# EXERCISE
The pictures are to be dropped, and the records below are to be restated word for word.

# DATA SUPPLIED
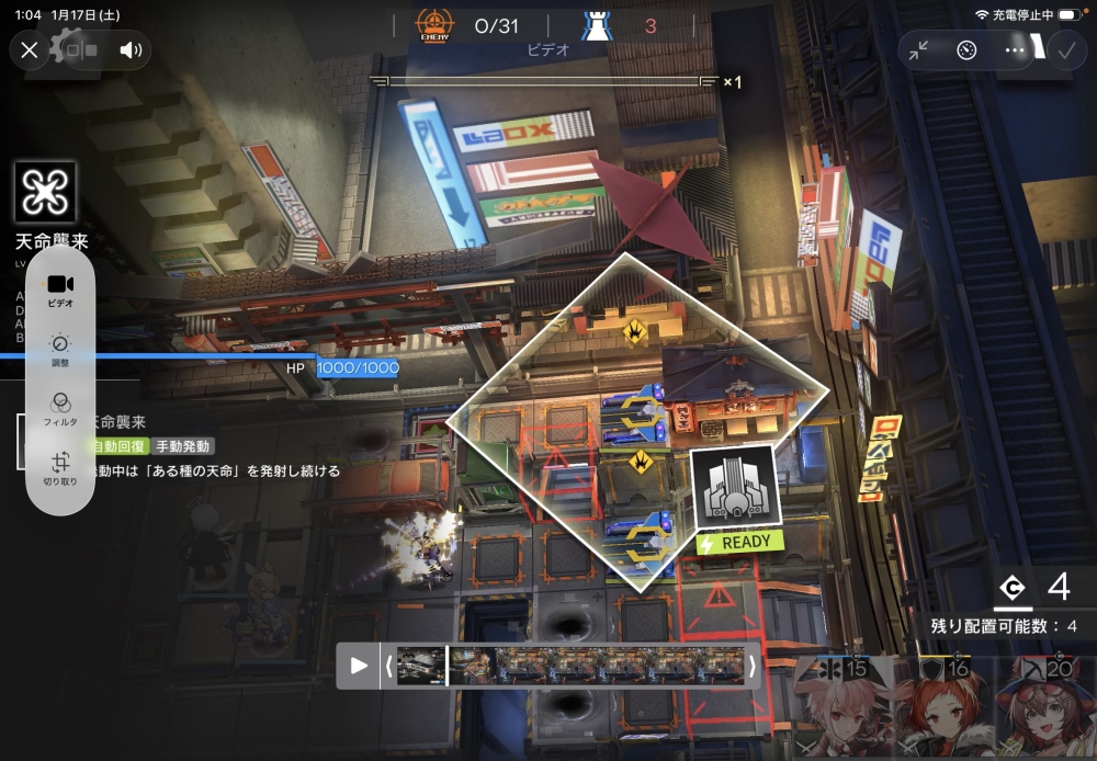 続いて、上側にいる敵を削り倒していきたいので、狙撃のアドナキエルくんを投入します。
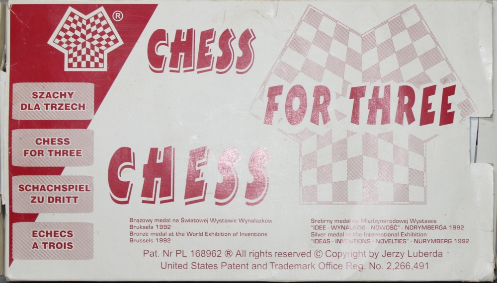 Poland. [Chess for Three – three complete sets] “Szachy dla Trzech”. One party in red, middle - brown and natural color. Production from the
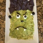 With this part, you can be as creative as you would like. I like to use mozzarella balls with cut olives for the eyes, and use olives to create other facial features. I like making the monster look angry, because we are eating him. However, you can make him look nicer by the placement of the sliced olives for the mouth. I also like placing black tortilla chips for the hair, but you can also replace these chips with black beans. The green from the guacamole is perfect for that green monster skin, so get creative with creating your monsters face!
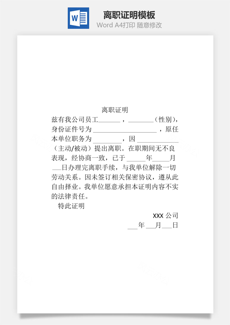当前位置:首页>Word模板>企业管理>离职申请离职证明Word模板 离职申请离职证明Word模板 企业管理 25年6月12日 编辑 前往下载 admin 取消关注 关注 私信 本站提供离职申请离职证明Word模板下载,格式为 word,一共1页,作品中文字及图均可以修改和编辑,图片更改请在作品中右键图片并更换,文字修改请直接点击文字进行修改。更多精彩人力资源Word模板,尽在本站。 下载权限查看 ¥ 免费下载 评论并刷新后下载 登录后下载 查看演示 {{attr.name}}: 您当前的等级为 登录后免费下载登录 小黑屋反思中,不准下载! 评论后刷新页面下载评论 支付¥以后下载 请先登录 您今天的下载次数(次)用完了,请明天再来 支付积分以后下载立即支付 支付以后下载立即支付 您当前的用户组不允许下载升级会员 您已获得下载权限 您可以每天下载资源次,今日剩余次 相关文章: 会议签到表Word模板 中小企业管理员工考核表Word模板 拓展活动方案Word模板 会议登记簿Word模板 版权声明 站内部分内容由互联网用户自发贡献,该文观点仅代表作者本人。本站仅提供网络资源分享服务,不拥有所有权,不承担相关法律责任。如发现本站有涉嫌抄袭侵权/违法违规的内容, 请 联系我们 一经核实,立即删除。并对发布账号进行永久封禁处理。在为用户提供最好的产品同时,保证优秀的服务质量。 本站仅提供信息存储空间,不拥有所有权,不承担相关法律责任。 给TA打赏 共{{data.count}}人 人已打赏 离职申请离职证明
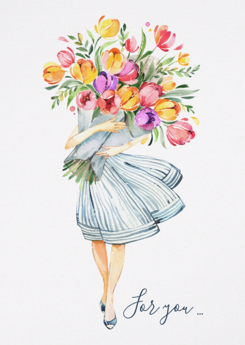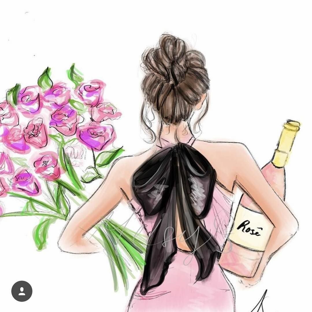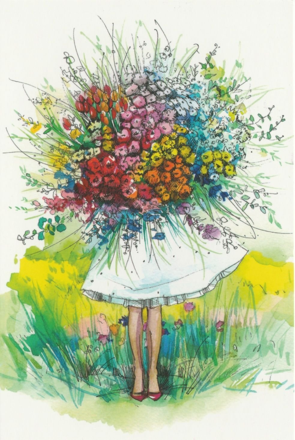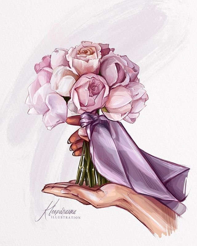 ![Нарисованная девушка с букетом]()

# EXERCISE SOLUTION
 続いて、上側にいる敵を削り倒していきたいので、狙撃のアドナキエルくんを投入します。
 Poland. [Chess for Three – three complete sets] “Szachy dla Trzech”. One party in red, middle - brown and natural color. Production from the
 With this part, you can be as creative as you would like. I like to use mozzarella balls with cut olives for the eyes, and use olives to create other facial features. I like making the monster look angry, because we are eating him. However, you can make him look nicer by the placement of the sliced olives for the mouth. I also like placing black tortilla chips for the hair, but you can also replace these chips with black beans. The green from the guacamole is perfect for that green monster skin, so get creative with creating your monsters face!
当前位置:首页>Word模板>企业管理>离职申请离职证明Word模板 离职申请离职证明Word模板 企业管理 25年6月12日 编辑 前往下载 admin 取消关注 关注 私信 本站提供离职申请离职证明Word模板下载,格式为 word,一共1页,作品中文字及图均可以修改和编辑,图片更改请在作品中右键图片并更换,文字修改请直接点击文字进行修改。更多精彩人力资源Word模板,尽在本站。 下载权限查看 ¥ 免费下载 评论并刷新后下载 登录后下载 查看演示 {{attr.name}}: 您当前的等级为 登录后免费下载登录 小黑屋反思中,不准下载! 评论后刷新页面下载评论 支付¥以后下载 请先登录 您今天的下载次数(次)用完了,请明天再来 支付积分以后下载立即支付 支付以后下载立即支付 您当前的用户组不允许下载升级会员 您已获得下载权限 您可以每天下载资源次,今日剩余次 相关文章: 会议签到表Word模板 中小企业管理员工考核表Word模板 拓展活动方案Word模板 会议登记簿Word模板 版权声明 站内部分内容由互联网用户自发贡献,该文观点仅代表作者本人。本站仅提供网络资源分享服务,不拥有所有权,不承担相关法律责任。如发现本站有涉嫌抄袭侵权/违法违规的内容, 请 联系我们 一经核实,立即删除。并对发布账号进行永久封禁处理。在为用户提供最好的产品同时,保证优秀的服务质量。 本站仅提供信息存储空间,不拥有所有权,不承担相关法律责任。 给TA打赏 共{{data.count}}人 人已打赏 离职申请离职证明
 ![Нарисованная девушка с букетом]()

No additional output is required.